Q. What is the definition of "treatment resistant depression?" Why do some
people experience chronic depression after a lengthy trial of psychotropic
medications?
In the BPD community, do you have an idea of the percentage of patients
that fall into this category? How about the Bipolar community?
What are some of your strategies for treating these folks?
Do you feel that prescribers need more training in this area?
A. Treatment resistant depression has a number or definitions. Most folks
consider an individual treatment resistant if they have had three adequate
trials (both length and dose) of three different classes of antidepressants.
The word adequate is the sticking point since to some folks 20 mg of Prozac
for six weeks is adequate, and for others its 80 mg for four weeks. I believe
dosages of medication are important, so favor a definition that is more
restrictive and insists on the top dosage of medication for at least four
weeks without seeing much, if any, change.

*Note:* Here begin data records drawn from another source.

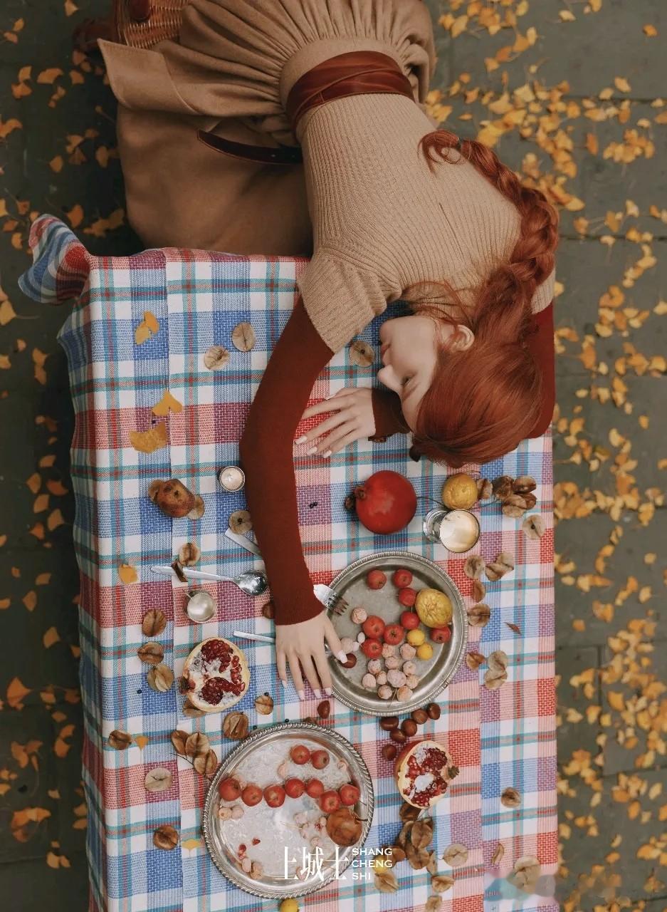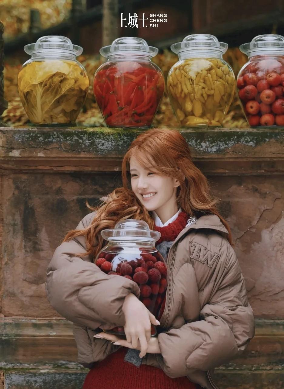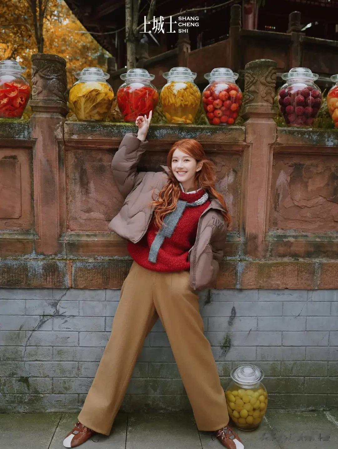 赵露思整个人散发着秋日里还不曾褪去的温热活力,身后老墙石栏上的泡菜坛子将四川本土的饮食文化与秋色紧紧的贴合在一起,赵露思的甜与泡菜的滋味激情碰撞。
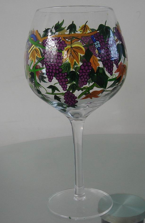 TIFFANY GRAPEVINE HAND PAINTED WINE GLASS IN GIFT BOX
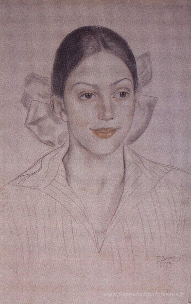 Nous vous proposons une reproduction artisanale sur toile du célèbre tableau 'Portrait de N.A. Kuznetsova' de Boris Kustodiev, provenant du Musée de la Reproduction.
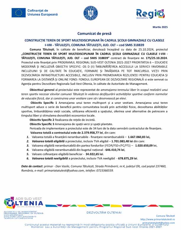 Comuna Tătulești, în calitate de beneficiar, derulează începând cu data de 25.10.2024, proiectul „CONSTRUCTIE TEREN DE SPORT MULTIDISCIPLINAR IN CADRUL SCOLII GIMNAZIALE CU CLASELE I-VIII - TĂTULEȘTI, COMUNA TĂTULEȘTI, JUD. OLT – cod SMIS 318839” contract de finanțare nr. 175/25.10.2024. Proiectul este finanțat prin PROGRAMUL REGIONAL SUD-VEST OLTENIA 2021-2027 PRIORITATEA 6 – EDUCAȚIE MODERNĂ ȘI INCLUZIVĂ OBIECTIV SPECIFIC: OS D (II) ÎMBUNĂTĂȚIREA ACCESULUI LA SERVICII FAVORABILE INCLUZIUNII ȘI DE CALITATE ÎN EDUCAȚIE, FORMARE ȘI ÎNVĂȚAREA PE TOT PARCURSUL VIEȚII PRIN DEZVOLTAREA INFRASTRUCTURII ACCESIBILE, INCLUSIV PRIN PROMOVAREA REZILIENȚEI PENTRU EDUCAȚIA ȘI FORMAREA LA DISTANȚĂ ȘI ONLINE FOND: FONDUL EUROPEAN DE DEZVOLTARE REGIONALĂ si este semnat cu Agenția pentru Dezvoltare Regionala Sud-Vest Oltenia, în calitate de Autoritate de Management.
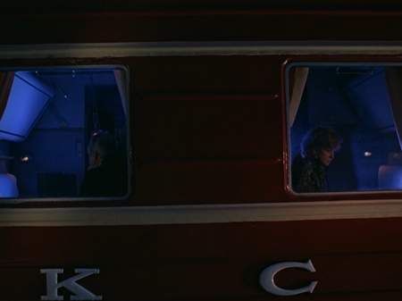 Кадры строятся так, что пространство маленькое, но не давящее. Это наоборот будто усиливает чувства, захлестнувшие героев. Будто весь мир сузился только до них двоих. Закрытое пространство купе не давит, а наоборот защищает. Впервые замкнутость работает в пользу человека, а не системы
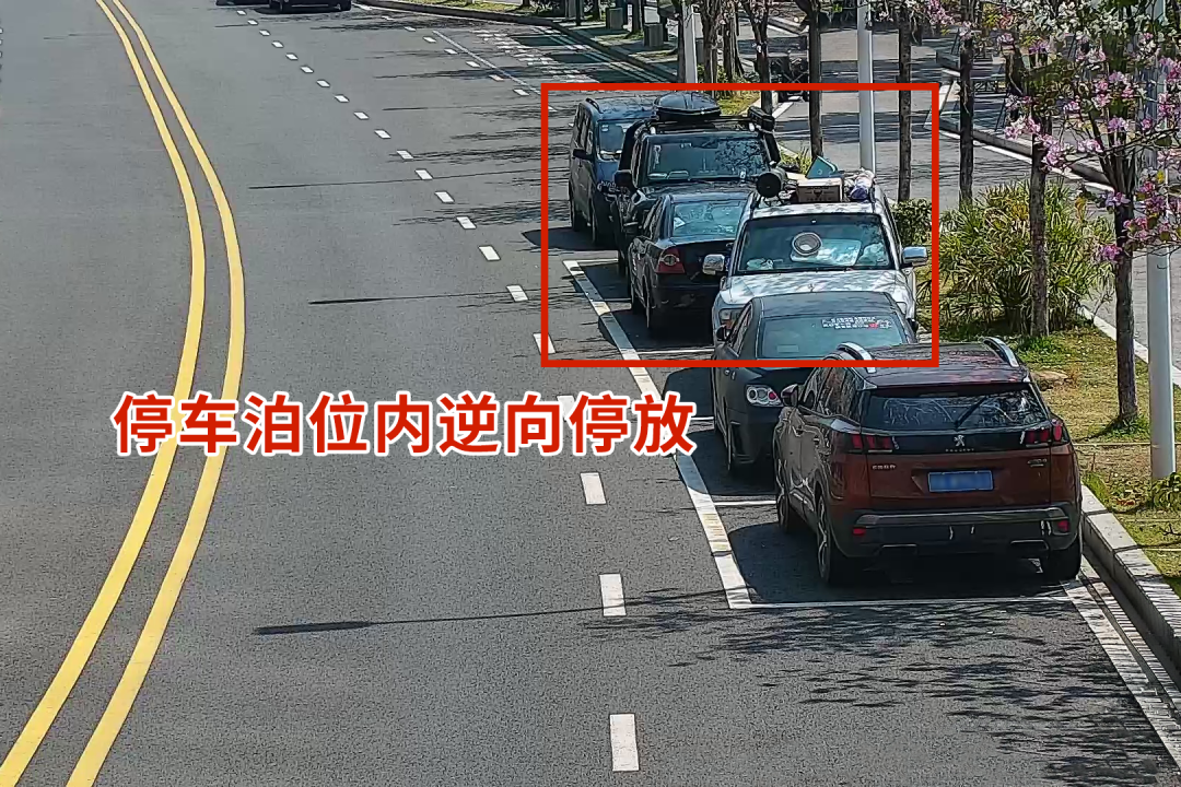 在停车泊位内逆向停放的。

The reasons for developing these treatment resistant or chronic depressions
are many-fold. First, the disease may be getting worse. Just like diabetes
worsens with time or heart disease worsens with time, so can depression.
Another possibility is that the medications "poop out." We are really not
sure why, but everyone seems to acknowledge it happens. Third, many patients
are misdiagnosed with depression as the primary diagnosis, and may have
another co-morbid illness that dictates treatment. For example, OCD
accompanying depression virtually demands use of a SRI or SNRI to treat the
illness. Other types of antidepressants are largely ineffectual.
Most borderlines are treated superficially with medications and hoarded into
therapy for talk therapy. Borderlines are viewed as nontreatable, even though
the literature strongly suggests otherwise. My best guess is that only 5-10%
of borderlines get an adequate medication trial on even one drug.
Likewise, we like to treat mania in bipolars, but not depression. While poor
decisions are made while manic, they overall tend to be markedly less life
threatening than in depressed bipolars. I can only venture a guess on how
many depressed bipolars are treated for depression, and would put it at
around 50%. All too often they are told they are not really depressed (they
are), but simply mourning because they "miss their highs."
I treat these folks aggressively with SRIs, SNRIs, and nefazodone. None seem
to induce mania above placebo from the trials done to date, albeit tricyclics
can induce rapid cycling in both groups at a rate six times higher than
placebo. I tend to push the dosage of all these medications to fairly high
levels. It is easy to back off if folks start to get hypomanic, and I am more
comfortable with hypomania than suicidality which accompanies depression. We
need to do lots of work here. No one really knows why some type of
borderlines or bipolars do well on certain antidepressants but not others.
Nor do we know which one to use in many cases. Why will Zoloft work in
patient A who is exactly like patient B, but B either fails to respond or
becomes hypomanic? We need more research.